> **Work required**
Would you reproduce each line below exactly, leaving every picture out?

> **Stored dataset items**
==============================

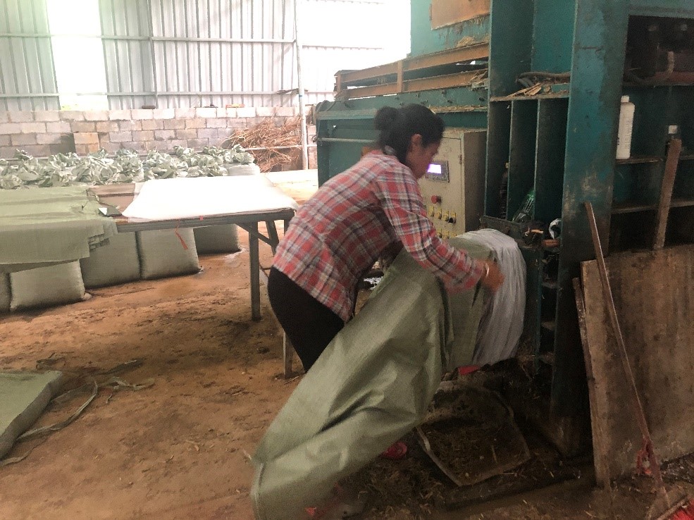 A farmer works at a forage grass processing plant in Dongmiao Township of Du'an Yao Autonomous County, south China's Guangxi Zhuang Autonomous Region. (People's Daily Online/Yan Lizheng)
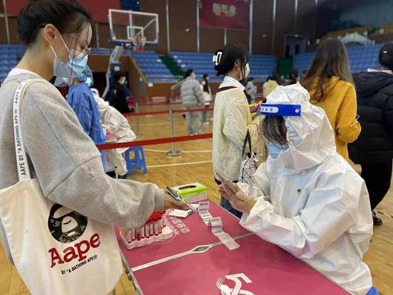 有幸参加了学院核酸检测志愿者活动,我们的主要工作是用手机采集受检测师生信息。三个小时一刻不停歇地采集了近七百条信息。让我体会到大白们的每天不停检测的辛苦,向大白们致敬!作为一名基层党员,要将责任扛在肩上,担当记在心头,哪里需要就到哪里。希望疫情早日结束!
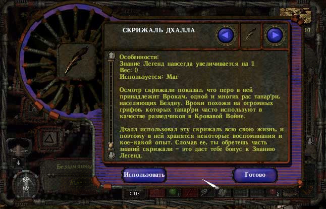 Анька и это не смогла спереть. Не убивать же Дхалла за перо. Возможно, это для тех, кто хочет пройти игру вором?
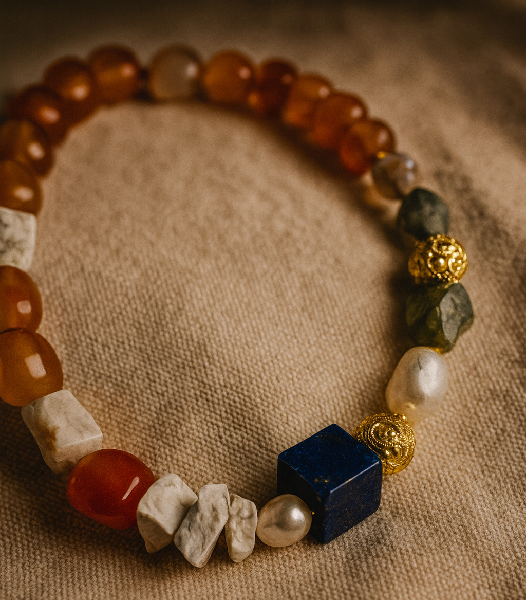 Una pieza de impacto y carácter, creada con cubos de lapislázuli natural en un azul intenso que simboliza sabiduría y protección. Cada piedra ha sido cuidadosamente tallada para mantener su esencia mineral, acompañada de un toque cálido de ágata caramelo y detalles dorados que realzan su elegancia.
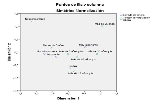 Análisis de correspondencias simples entre el tiempo de vinculación laboral de la población estudiada y el lavado de dinero
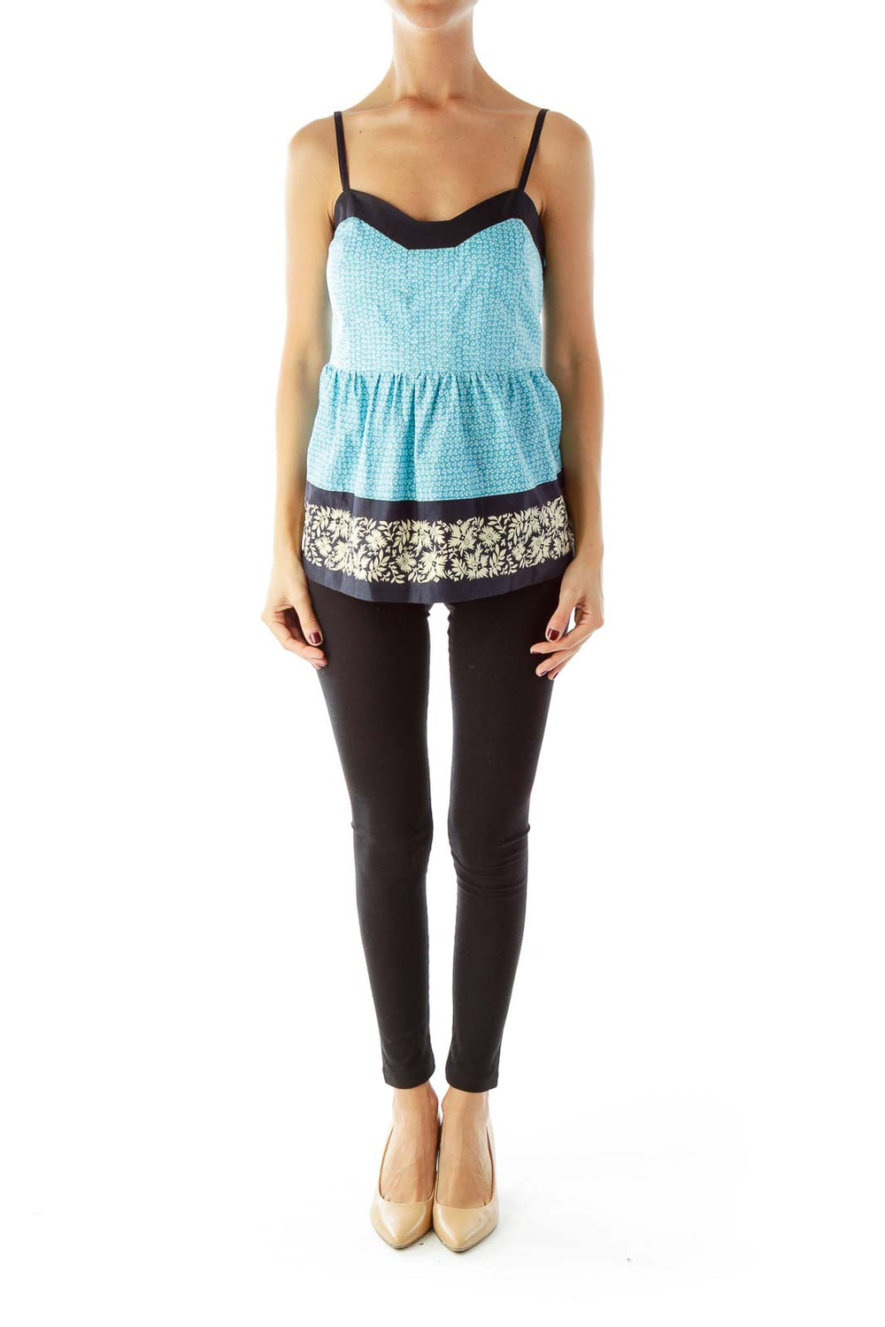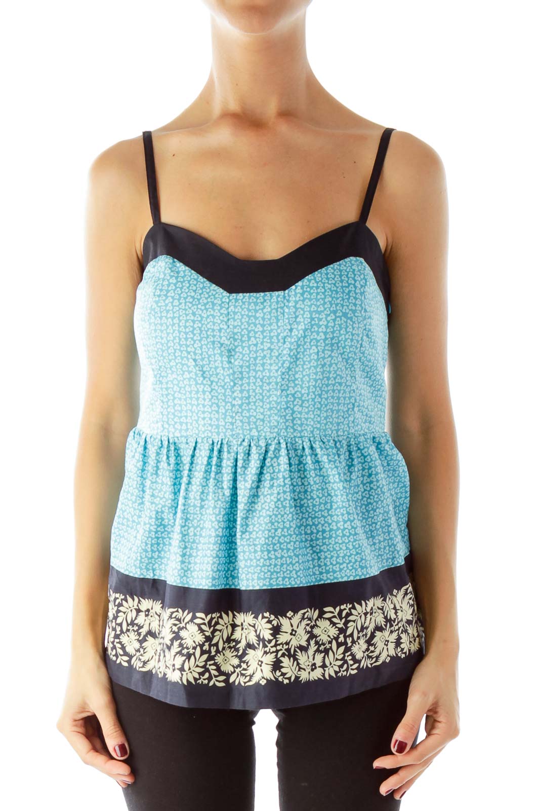 Blue Printed Floral Tank Top

==============================

> **Answer to this task**
 A farmer works at a forage grass processing plant in Dongmiao Township of Du'an Yao Autonomous County, south China's Guangxi Zhuang Autonomous Region. (People's Daily Online/Yan Lizheng)
 有幸参加了学院核酸检测志愿者活动,我们的主要工作是用手机采集受检测师生信息。三个小时一刻不停歇地采集了近七百条信息。让我体会到大白们的每天不停检测的辛苦,向大白们致敬!作为一名基层党员,要将责任扛在肩上,担当记在心头,哪里需要就到哪里。希望疫情早日结束!
 Анька и это не смогла спереть. Не убивать же Дхалла за перо. Возможно, это для тех, кто хочет пройти игру вором?
 Una pieza de impacto y carácter, creada con cubos de lapislázuli natural en un azul intenso que simboliza sabiduría y protección. Cada piedra ha sido cuidadosamente tallada para mantener su esencia mineral, acompañada de un toque cálido de ágata caramelo y detalles dorados que realzan su elegancia.
 Análisis de correspondencias simples entre el tiempo de vinculación laboral de la población estudiada y el lavado de dinero
 Blue Printed Floral Tank Top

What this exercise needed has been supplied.